Pornographie mit PutzkolonneDas neue Reinheitsgebot in der ErwachsenenabteilungFrüher mal war die Beschäftigung mit Sex irgendwie anrüchig, eine Sache für Schmuddelkinder und gefallene Mädchen. Heute erstrahlt die Sexindustrie frisch geweißt, und der Gang ins Striplokal gehört zum gesellschaftlichen Erlebniskanon wie der Besuch im Theater. Auf der Strecke blieb dabei die Erotik. Man kann es auf meine Sozialisation schieben, auf einen Fehler in meiner mentalen Verdrahtung oder meinetwegen auch auf die Erbsünde, aber: Ich mag Schmuddelkram. Nicht so sehr, dass ich mir meine Zeiten als Pornokorrekteuse zurückwünsche, aber doch genug, um Bildern und Texten mehrere Regalmeter zu widmen. Was ich nicht mag, ist Pornographie in ihrer aktuellen Ausprägung.
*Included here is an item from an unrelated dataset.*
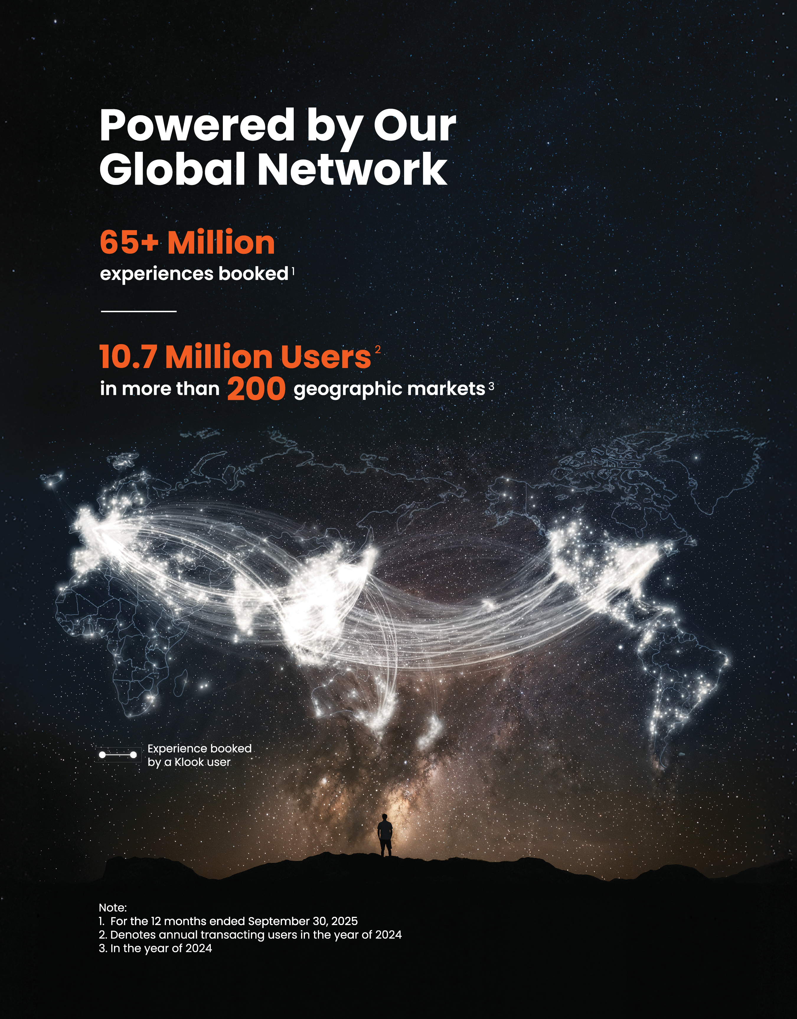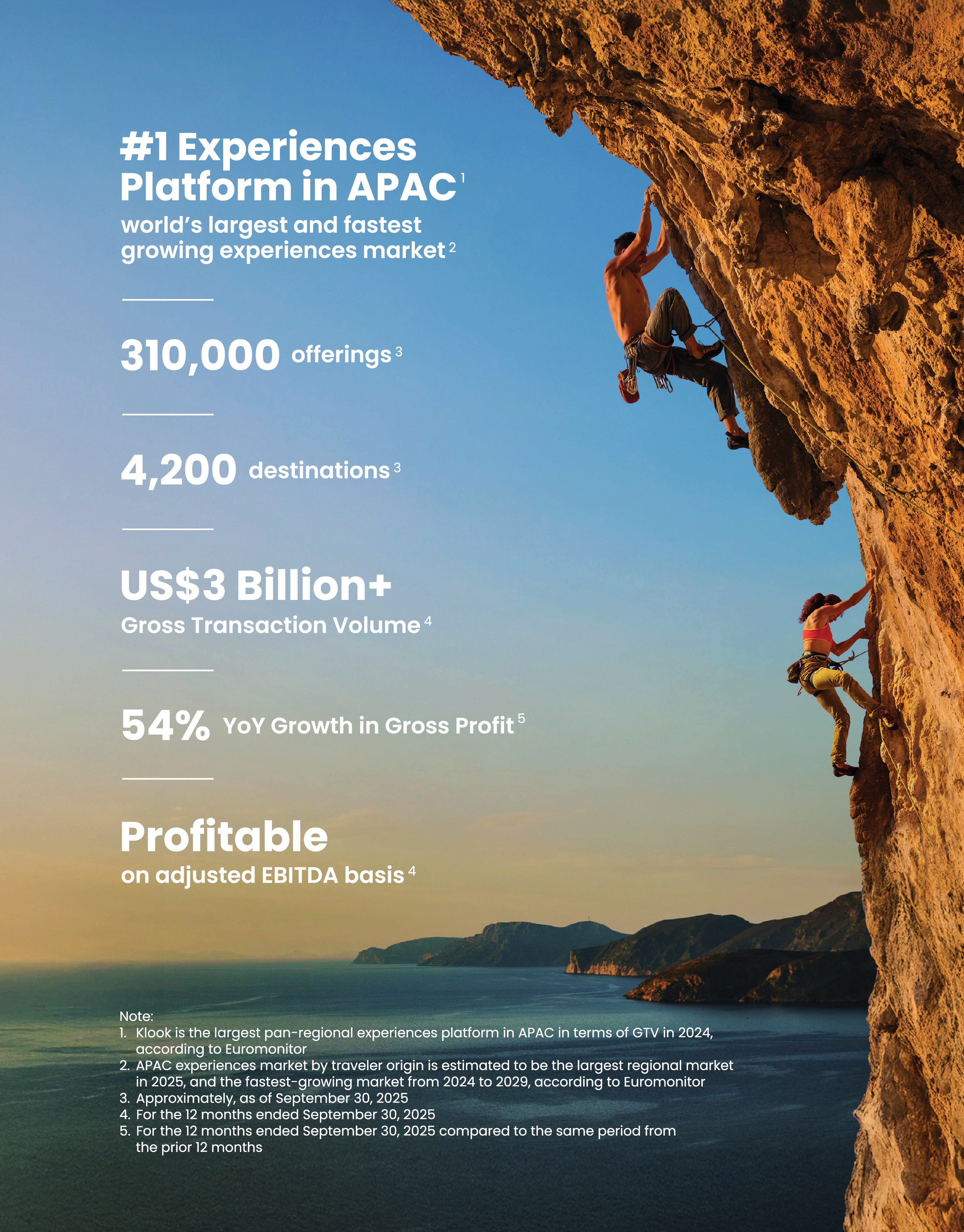 business areas. This structure allows us to be considered the primary beneficiary of the VIEs for accounting purposes, which serves the purpose of consolidating the financial results of the VIEs in our consolidated financial statements under IFRS. For a summary of these contractual arrangements, see “Corporate History and Structure — Contractual Arrangements Among the VIEs, Their Respective Shareholders and Us”. The VIEs are consolidated for accounting purposes only. These contractual arrangements are not equivalent to equity ownership, and their enforceability has not been tested in a court of law. Investors in our ADSs are purchasing equity interests in Klook Technology Limited, the Cayman Islands holding company, and are not purchasing, and may never directly hold, equity interests in the VIEs. As used in this prospectus, “we,” “us,” “our company,” “our” or “Klook” refers to Klook Technology Limited and its subsidiaries, and, in the context of describing our consolidated financial information, business operations and operating data, refers to Klook Technology Limited, its subsidiaries, the VIEs and their subsidiaries. For risks relating to our contractual arrangements with the VIEs and its respective shareholders, see “Risk Factors — Risks Related to Our Corporate Structure.” Solely in relation to our PRC business, we may face risks associated with having operations in the PRC and the evolving laws and regulations of the PRC. For a detailed description of these risks, please refer to the risks disclosed under “Risk Factors — Risks Related to Doing Business in the Geographic Markets in Which We Operate.”

Die Sprache dieser Romane war fragwürdig, der Inhalt nicht mal mehr das. Autoren mit lustigen Pseudonymen entwickelten reichlich durchsichtige Plots, um bis dato anständigen Frauen in noch durchsichtigeren Hemdchen allerlei widrige Umstände angedeihen zu lassen, durch die sie unweigerlich auf die schiefe Bahn gerieten. Dort angekommen erwartete die Frauen ein Schicksal, das laut Aussage meiner Oma schlimmer als der Tod war, bei dem sie aber erstaunlich viel Spaß hatten. Sex gab es reichlich und in weitaus wüsteren Ausprägungen, als mein pubertierendes Hirn sich das hätte vorstellen können. So etwas prägt natürlich. Genau wie die ersten Ausflüge über die Reeperbahn als frischgebackene Abiturientin. Damals gab es weder Institutionen wie das Dollhouse, in denen Wert auf Choreographie gelegt wurde, noch anständige Sexshops mit rosafarbener Seidenpapier-Deko in den Schaufenstern. Die Reeperbahn war zwar längst nicht mehr so wild und gefährlich wie zehn Jahre zuvor, aber sie war auch noch weit entfernt vom heutigen Sex-Disneyland für Pauschaltouristen. Pornographie und das Geschäft mit dem Sex sind dank RTL2 und Hausfrauen-Strip-Aerobics in jedem Fitnessstudio längst gesellschaftsfähig geworden. »Ey Klaus, wat macht ihr denn am Sonntach?« – »Da bin ich mitte Manuela, ihren Chef und dem seine Frau auffe Sexmesse. Die Manu braucht noch wat Hübschet für drunter und nen neuen Vibbi, bevor wir dat nächste Mal innen Swingaclub gehen.« Der Stripper zum 30. Geburtstag ist auch für Klosterschülerinnen heute so selbstverständlich wie die Lackunterwäsche für abenteuerlustige Vorstadtsekretärinnen.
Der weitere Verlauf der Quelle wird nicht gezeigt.